[RECORDED DATA]

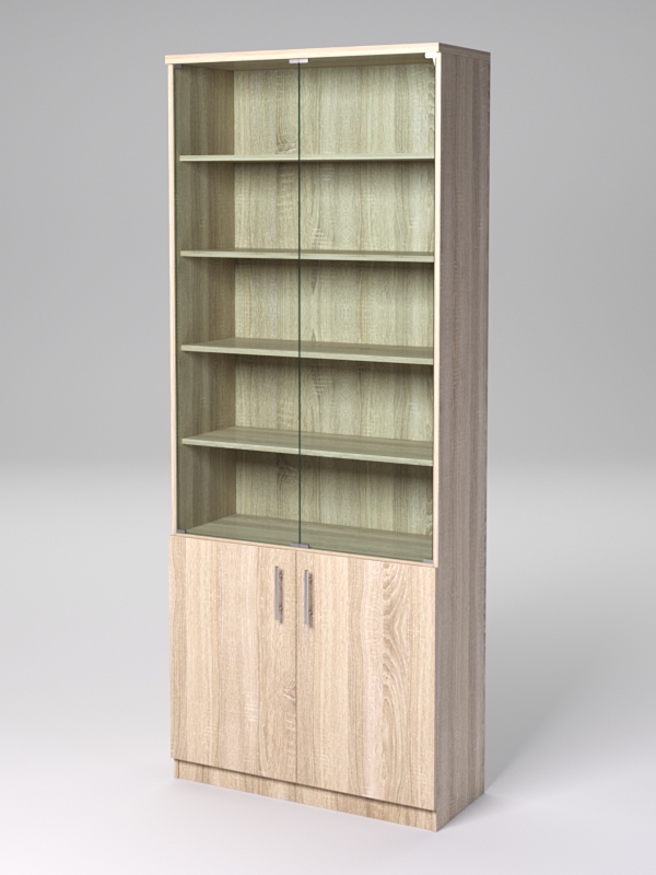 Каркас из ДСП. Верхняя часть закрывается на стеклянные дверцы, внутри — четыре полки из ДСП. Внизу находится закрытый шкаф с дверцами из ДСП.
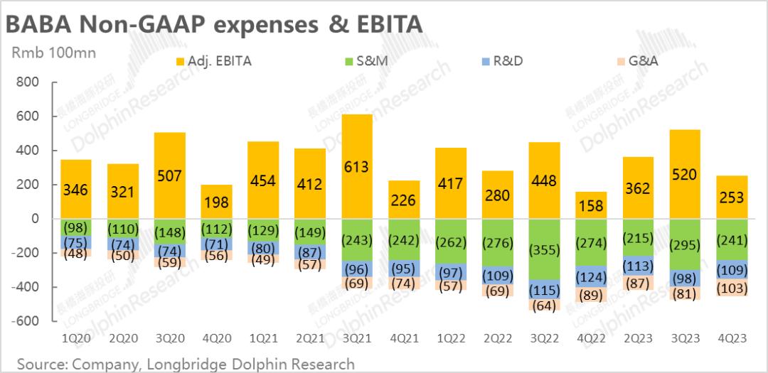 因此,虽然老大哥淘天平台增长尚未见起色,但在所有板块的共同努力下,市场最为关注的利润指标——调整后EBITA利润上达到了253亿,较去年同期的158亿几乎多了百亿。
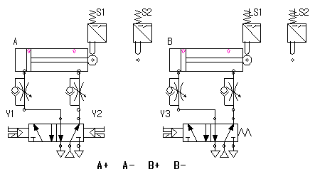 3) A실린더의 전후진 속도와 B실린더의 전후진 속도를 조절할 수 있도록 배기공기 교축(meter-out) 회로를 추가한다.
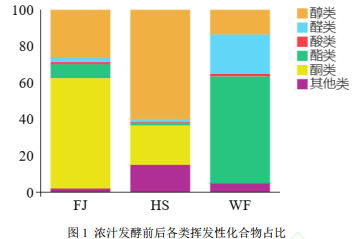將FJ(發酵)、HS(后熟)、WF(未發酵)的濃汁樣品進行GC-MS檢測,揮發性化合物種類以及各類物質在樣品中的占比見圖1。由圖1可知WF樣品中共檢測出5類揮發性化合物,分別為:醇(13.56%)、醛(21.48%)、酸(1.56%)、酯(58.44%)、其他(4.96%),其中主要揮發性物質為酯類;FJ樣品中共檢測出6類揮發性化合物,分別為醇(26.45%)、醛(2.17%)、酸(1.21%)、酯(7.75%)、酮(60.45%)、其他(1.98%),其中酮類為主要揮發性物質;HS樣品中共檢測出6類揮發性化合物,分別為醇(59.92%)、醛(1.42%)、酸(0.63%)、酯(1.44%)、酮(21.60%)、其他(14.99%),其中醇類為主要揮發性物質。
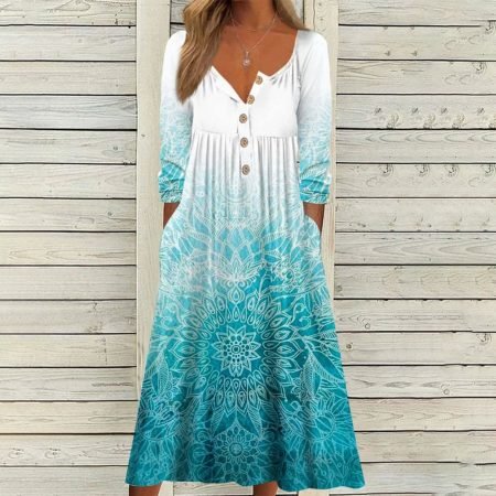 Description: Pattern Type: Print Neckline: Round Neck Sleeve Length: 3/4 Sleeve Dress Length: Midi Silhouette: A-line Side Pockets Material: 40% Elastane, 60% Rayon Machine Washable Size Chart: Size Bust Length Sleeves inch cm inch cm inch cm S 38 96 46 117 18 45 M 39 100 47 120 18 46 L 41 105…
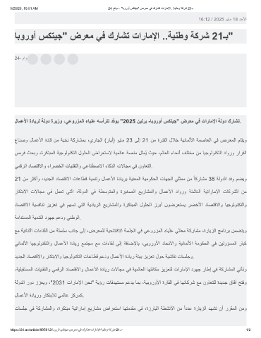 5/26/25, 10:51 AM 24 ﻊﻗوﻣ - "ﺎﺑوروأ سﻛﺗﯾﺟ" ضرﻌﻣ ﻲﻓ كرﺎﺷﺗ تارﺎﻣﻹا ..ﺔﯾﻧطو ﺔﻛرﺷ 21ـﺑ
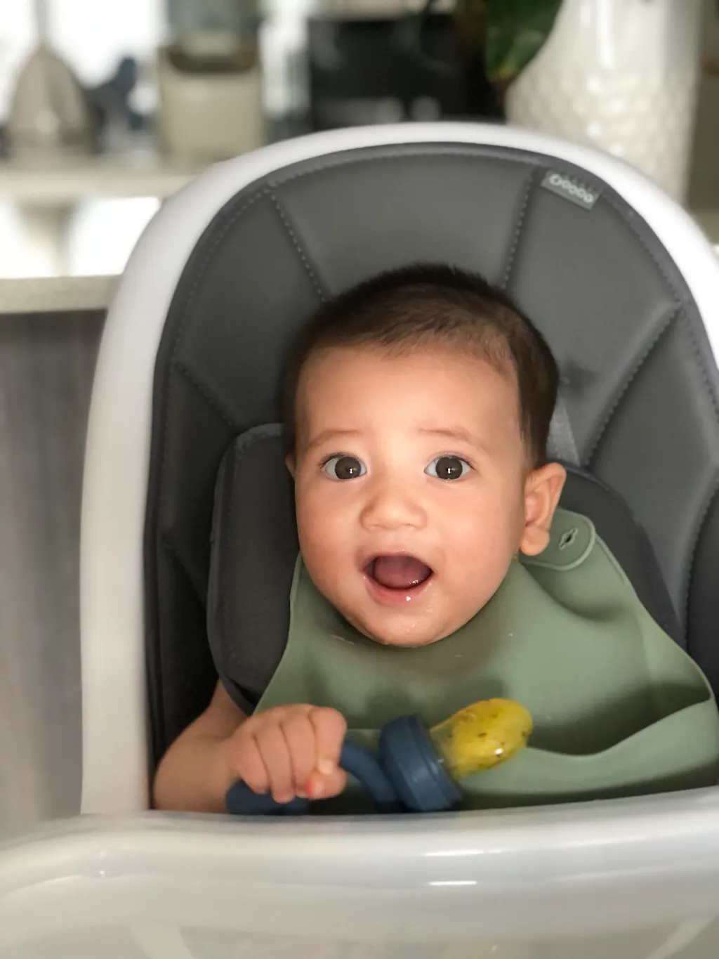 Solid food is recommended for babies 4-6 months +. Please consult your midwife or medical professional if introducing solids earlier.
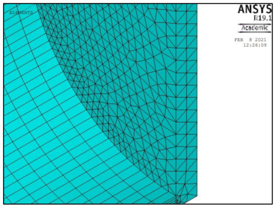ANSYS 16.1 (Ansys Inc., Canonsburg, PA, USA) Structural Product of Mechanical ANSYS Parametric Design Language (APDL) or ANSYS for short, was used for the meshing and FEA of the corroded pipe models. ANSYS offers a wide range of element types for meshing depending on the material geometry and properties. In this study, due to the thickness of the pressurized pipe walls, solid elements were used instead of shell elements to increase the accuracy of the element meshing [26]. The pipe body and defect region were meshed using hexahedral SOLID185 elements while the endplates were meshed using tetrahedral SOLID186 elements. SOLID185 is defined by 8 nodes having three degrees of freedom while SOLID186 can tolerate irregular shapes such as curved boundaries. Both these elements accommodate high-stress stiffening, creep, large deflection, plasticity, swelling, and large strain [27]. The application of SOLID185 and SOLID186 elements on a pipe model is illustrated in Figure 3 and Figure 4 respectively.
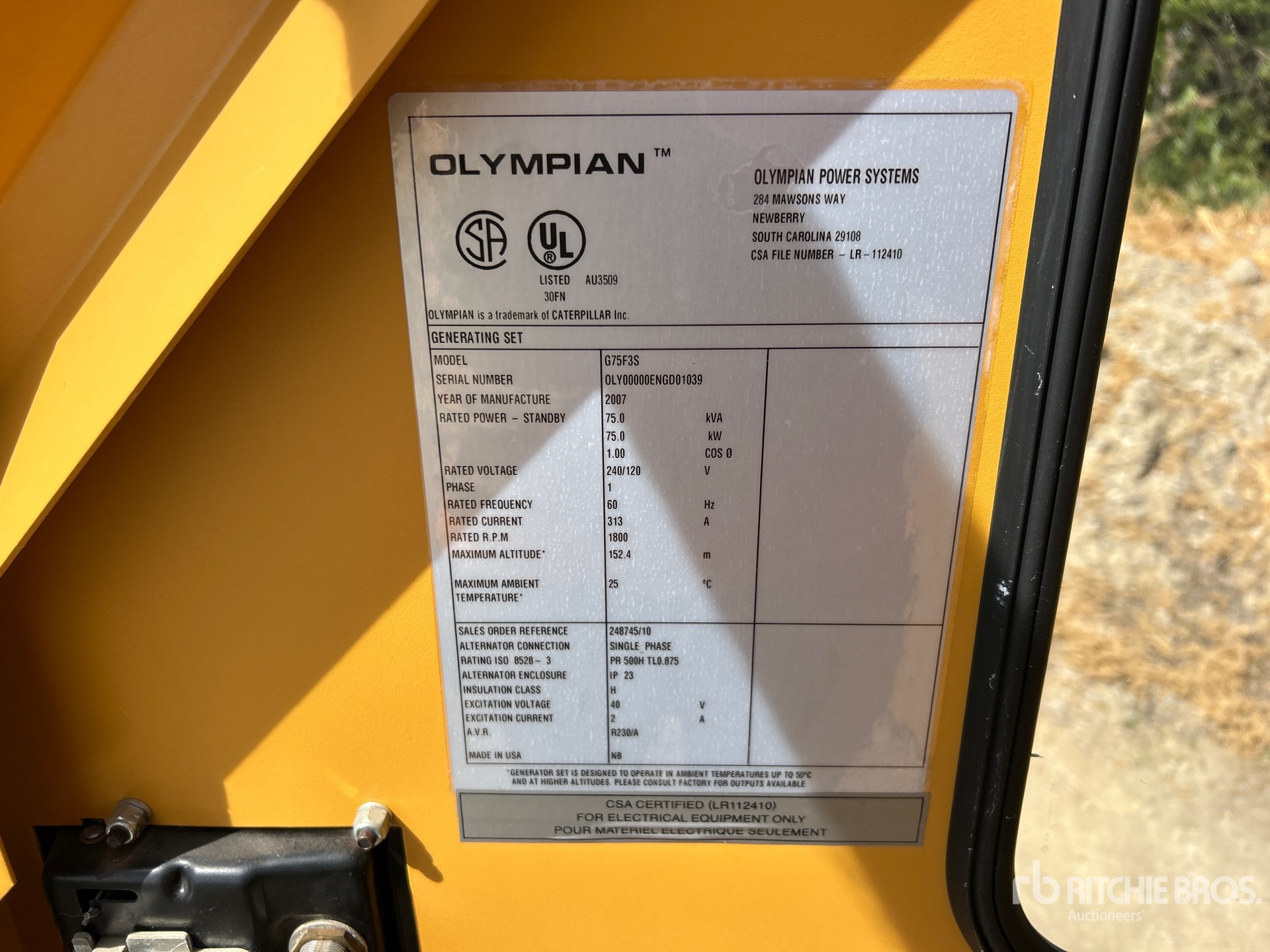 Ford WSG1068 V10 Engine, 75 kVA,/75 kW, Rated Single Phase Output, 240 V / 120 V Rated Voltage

[/RECORDED DATA]

_WORK TO COMPLETE_. Take the material above and output only the lines from the one that contains "3) A실린더의 전후진" through the one that contains "將FJ(發酵)、HS(后熟)", ends included and images left out.

_RESPONSE TO THE TASK_.
 3) A실린더의 전후진 속도와 B실린더의 전후진 속도를 조절할 수 있도록 배기공기 교축(meter-out) 회로를 추가한다.
將FJ(發酵)、HS(后熟)、WF(未發酵)的濃汁樣品進行GC-MS檢測,揮發性化合物種類以及各類物質在樣品中的占比見圖1。由圖1可知WF樣品中共檢測出5類揮發性化合物,分別為:醇(13.56%)、醛(21.48%)、酸(1.56%)、酯(58.44%)、其他(4.96%),其中主要揮發性物質為酯類;FJ樣品中共檢測出6類揮發性化合物,分別為醇(26.45%)、醛(2.17%)、酸(1.21%)、酯(7.75%)、酮(60.45%)、其他(1.98%),其中酮類為主要揮發性物質;HS樣品中共檢測出6類揮發性化合物,分別為醇(59.92%)、醛(1.42%)、酸(0.63%)、酯(1.44%)、酮(21.60%)、其他(14.99%),其中醇類為主要揮發性物質。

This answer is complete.